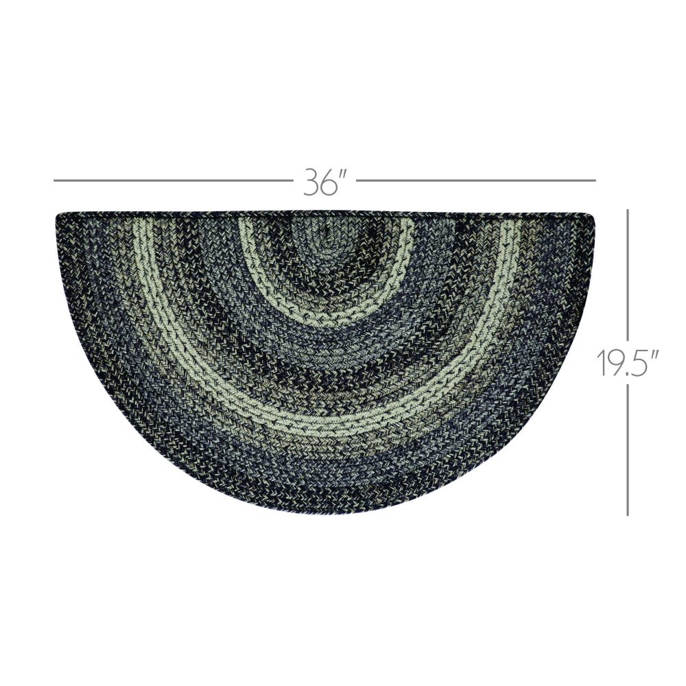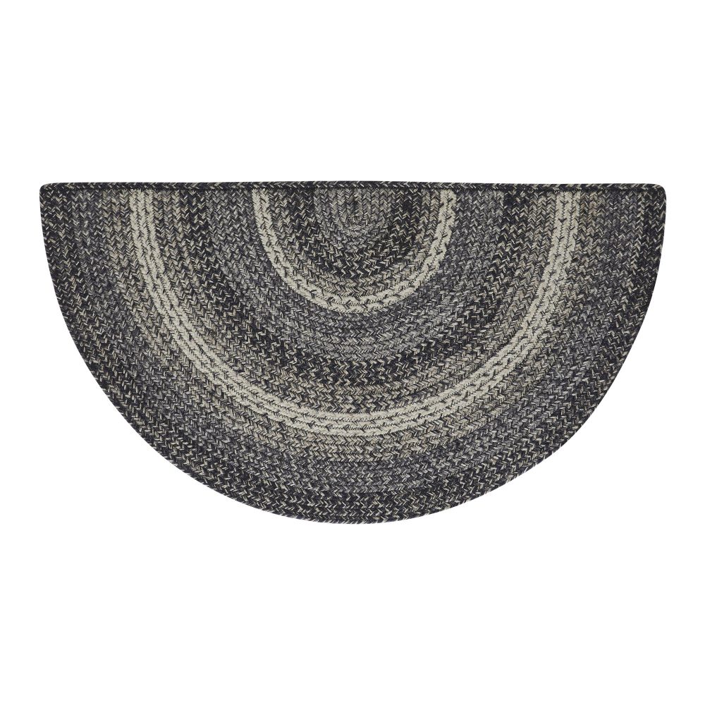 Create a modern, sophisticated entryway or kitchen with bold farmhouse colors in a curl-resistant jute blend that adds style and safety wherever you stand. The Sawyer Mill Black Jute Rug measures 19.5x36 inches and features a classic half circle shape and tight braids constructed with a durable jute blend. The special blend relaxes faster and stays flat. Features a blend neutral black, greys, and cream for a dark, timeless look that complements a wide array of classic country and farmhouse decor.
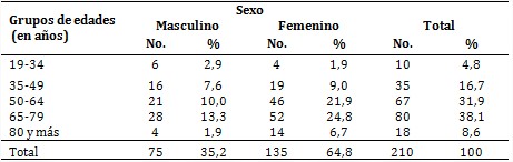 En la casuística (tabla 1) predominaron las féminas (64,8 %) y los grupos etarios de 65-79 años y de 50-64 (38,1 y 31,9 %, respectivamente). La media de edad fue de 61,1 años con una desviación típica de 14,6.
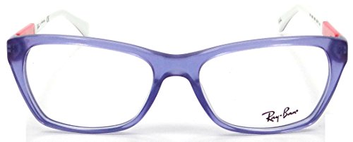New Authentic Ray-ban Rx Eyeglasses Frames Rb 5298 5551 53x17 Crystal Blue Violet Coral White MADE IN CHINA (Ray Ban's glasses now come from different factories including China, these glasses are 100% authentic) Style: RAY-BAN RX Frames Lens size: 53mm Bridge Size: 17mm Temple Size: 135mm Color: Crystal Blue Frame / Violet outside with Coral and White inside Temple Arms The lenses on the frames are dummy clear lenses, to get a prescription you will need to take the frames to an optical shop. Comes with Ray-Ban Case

...

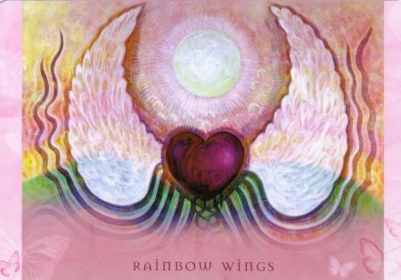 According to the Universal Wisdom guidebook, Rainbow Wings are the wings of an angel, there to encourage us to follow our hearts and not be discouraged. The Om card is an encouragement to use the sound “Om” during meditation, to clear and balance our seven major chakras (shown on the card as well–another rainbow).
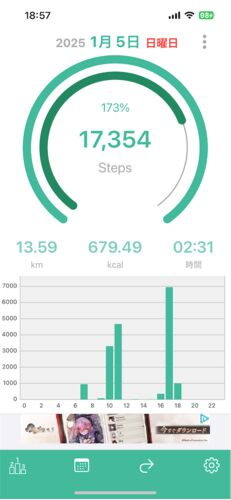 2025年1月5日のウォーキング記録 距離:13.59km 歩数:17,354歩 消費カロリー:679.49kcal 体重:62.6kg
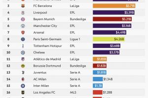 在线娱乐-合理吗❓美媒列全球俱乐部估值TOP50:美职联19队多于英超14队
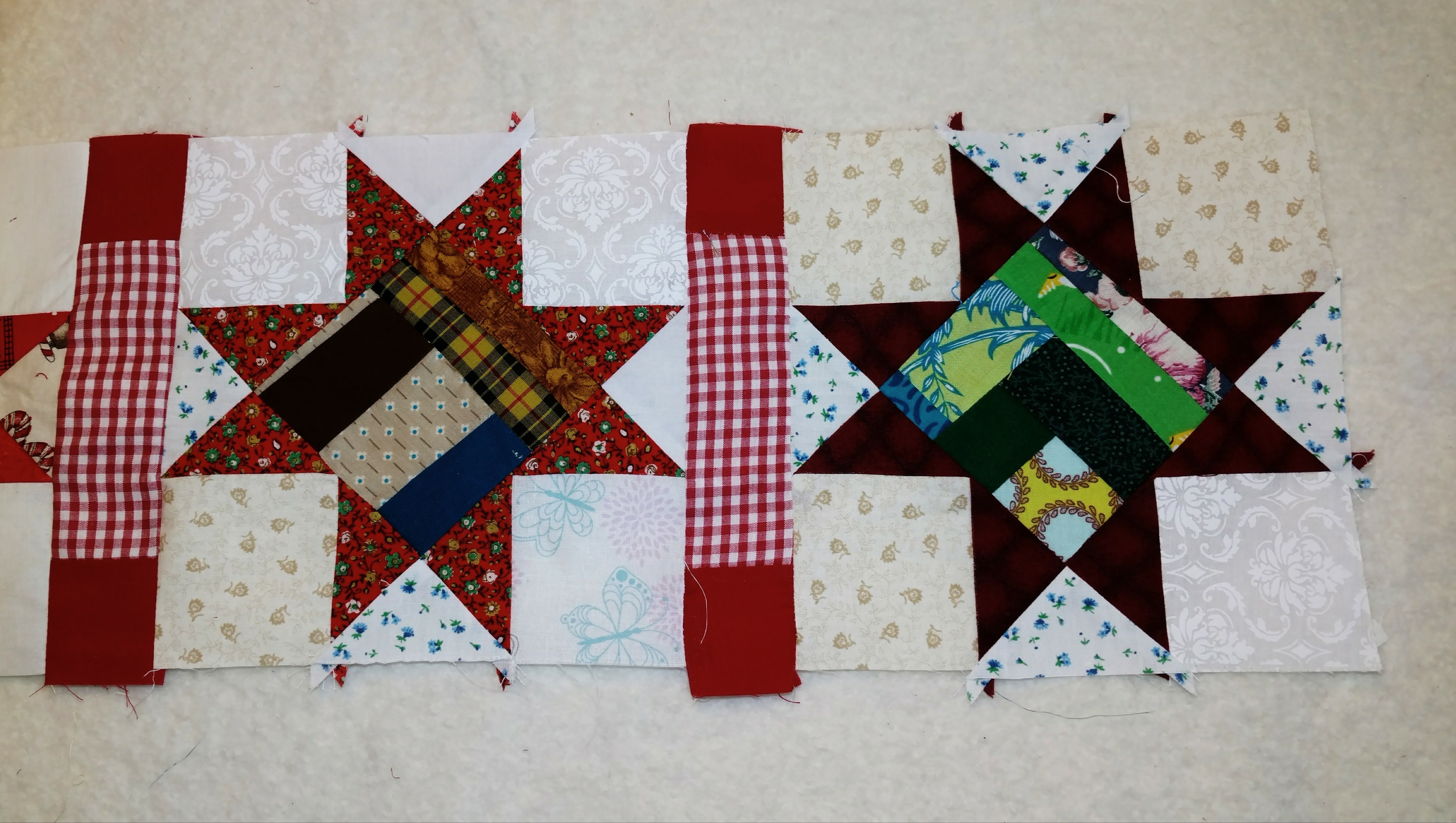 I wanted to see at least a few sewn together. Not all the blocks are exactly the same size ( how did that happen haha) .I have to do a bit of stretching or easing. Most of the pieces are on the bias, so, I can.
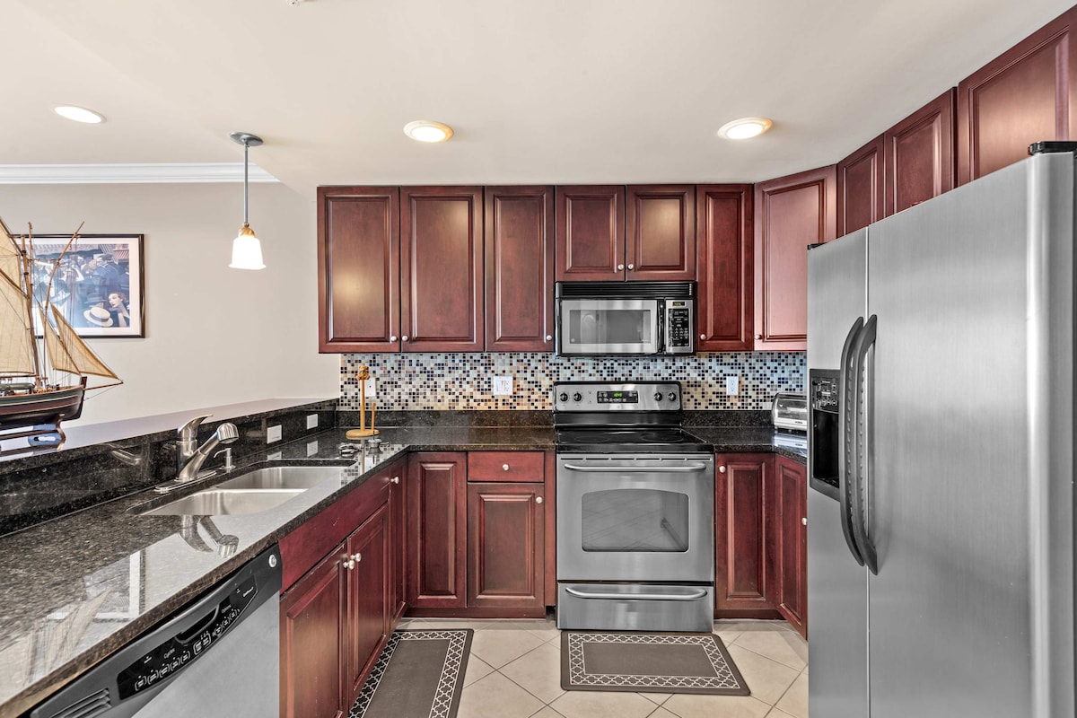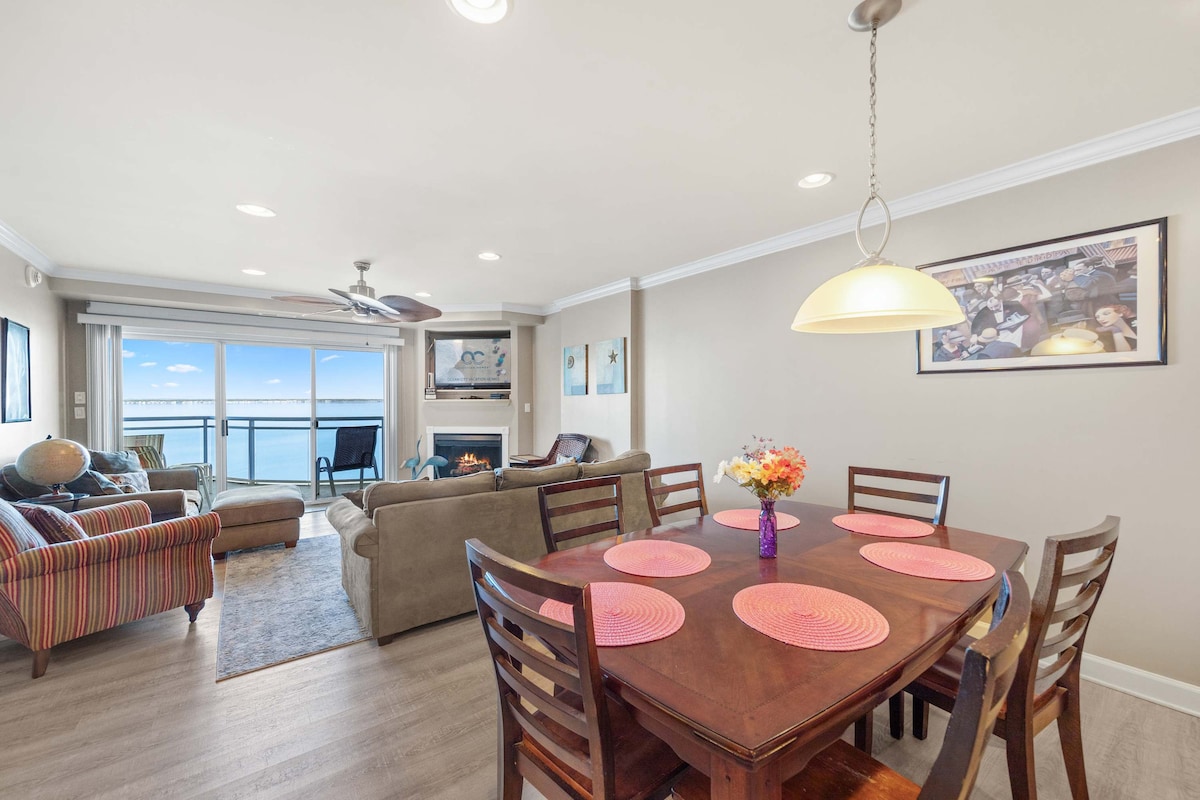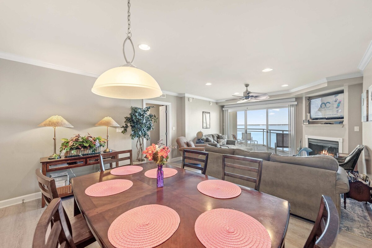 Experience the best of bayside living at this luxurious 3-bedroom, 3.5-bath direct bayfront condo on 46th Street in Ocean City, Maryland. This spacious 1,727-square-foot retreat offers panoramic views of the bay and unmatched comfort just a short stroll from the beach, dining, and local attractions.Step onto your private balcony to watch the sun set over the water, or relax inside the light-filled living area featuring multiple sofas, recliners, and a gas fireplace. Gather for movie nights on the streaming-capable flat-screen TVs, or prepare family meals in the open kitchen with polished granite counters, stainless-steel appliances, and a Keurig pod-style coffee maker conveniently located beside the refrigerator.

...

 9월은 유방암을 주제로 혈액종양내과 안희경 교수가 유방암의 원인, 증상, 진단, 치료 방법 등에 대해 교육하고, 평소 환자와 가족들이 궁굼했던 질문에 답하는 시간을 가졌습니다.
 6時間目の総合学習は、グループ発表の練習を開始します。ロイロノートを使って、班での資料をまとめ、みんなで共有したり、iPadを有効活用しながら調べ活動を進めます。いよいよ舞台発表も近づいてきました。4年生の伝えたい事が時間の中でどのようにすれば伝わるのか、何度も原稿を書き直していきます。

What is being asked:
Please return the material above only from the line that holds "2025年1月5日のウォーキング記録 距離:13.59km 歩数:17,354歩" through the line that holds "I wanted to", exactly as it stands, ends included and pictures omitted.

Answer section:
 2025年1月5日のウォーキング記録 距離:13.59km 歩数:17,354歩 消費カロリー:679.49kcal 体重:62.6kg
 在线娱乐-合理吗❓美媒列全球俱乐部估值TOP50:美职联19队多于英超14队
 I wanted to see at least a few sewn together. Not all the blocks are exactly the same size ( how did that happen haha) .I have to do a bit of stretching or easing. Most of the pieces are on the bias, so, I can.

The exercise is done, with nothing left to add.